Cheung was a member of the Ninety-Nines Club, an international group of female pilots founded by Earhart, and was the first Chinese woman to obtain an international flying license.

In 2017, a documentary titled Aviatrix: The Katherine Sui Fun Cheung Story was screened at the Chinese Historical Society Museum Learning Center in San Francisco.

 

Hazel Ying Lee

Another early pioneer in flight was Hazel Ying Lee, also a Chinese-American woman who obtained her pilot’s license in 1932. Lee was the first Chinese-American woman to fly for the U.S. military. 

According to an article by the FAA, Lee originally attempted to join the Chinese Air Force in 1933, but they did not allow women pilots. After attempting again in 1937 and again being denied entry, Lee returned to the United States in 1938. 

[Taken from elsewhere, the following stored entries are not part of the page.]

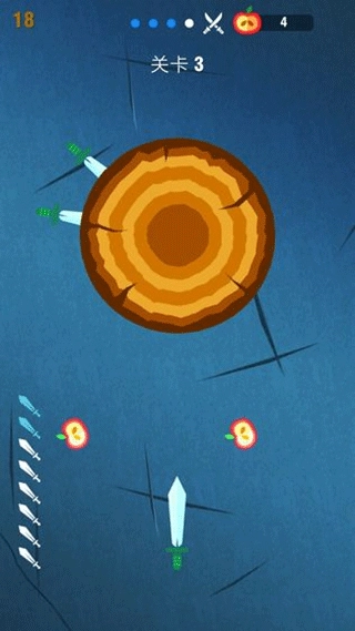 2.水果奖励机制:树轮上会随机出现苹果之类的水果,击中这些水果就能得到额外积分,以此来弥补没命中树轮时的分数损失,还能让玩家有更多策略性的选择。
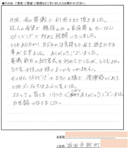 令和8年1月 お客さまの声 | 成田・富里・八街の葬儀・家族葬なら「せいなん」
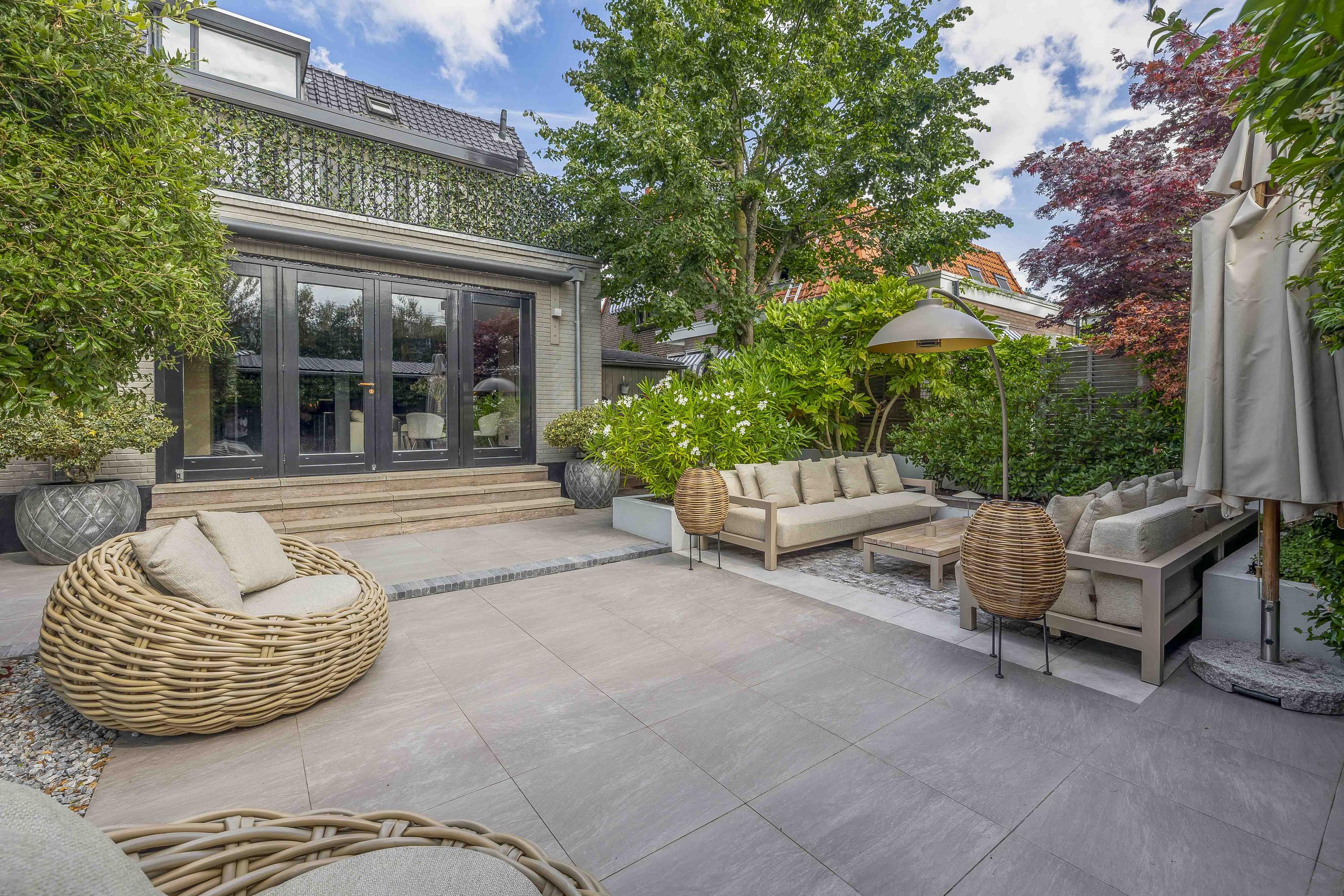 - Fraai aangelegde zonnige tuin met diverse terrassen en sfeervolle overkapping
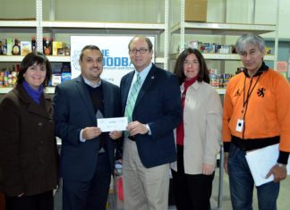 New Jersey Secretary of Agriculture, Douglas H. Fisher, presented a $6,458 check to the FoodBank of Monmouth and Ocean...

In 1942, Lee joined a flying detachment that would eventually merge with another to form the Women’s Airforce Service Pilots (WASP).

“Lee relished her role and her ethnicity, teaching her fellow WASPs about her culture, Chinese food,

and even inscribing classmates’ nicknames in Chinese characters with lipstick on their airplanes,” says the FAA.

Lee was an important part of the war effort, along with other WASPs, delivering planes that were eventually used by Russian allies. 

Sadly, Lee passed away two days after her plane crashed with another plane during a landing in Great Falls, Montana. She was the last WASP to die in service. 

 

Ellison Onizuka

Born in Hawaii, Ellison Onizuka was the first Asian-American in space. Onizuka began his career as an Air Force flight test engineer and test pilot. 

“He was a member of NASA's Astronaut Class of 1978, also known as the Thirty-Five New Guys, the first astronaut class in nearly a decade and also the first to include women, Hispanics and Asian and African Americans,” reports NASA.

Onizuka supported a number of technical assignments for NASA before making his first trip to space aboard the Space Shuttle Discovery in 1985. It was the third flight of Discovery, and was dedicated to Department of Defense payloads. Onizuka was primarily responsible for primary payload activities during the mission.

On January 28, 1986, Onizuka was to make his second trip to space aboard the Space Shuttle Challenger, when he, along with the six other crew members, lost their lives during an explosion that occurred shortly after lift-off.

He was posthumously awarded the Congressional Space Metal of Honor and promoted to the rank of Colonel.

Capitol Tech recognizes all of the members of the AAPI community who have made so many contributions to the world of aviation, aeronautics, and space flight, especially those whose lives were lost in the pursuit of the careers they loved.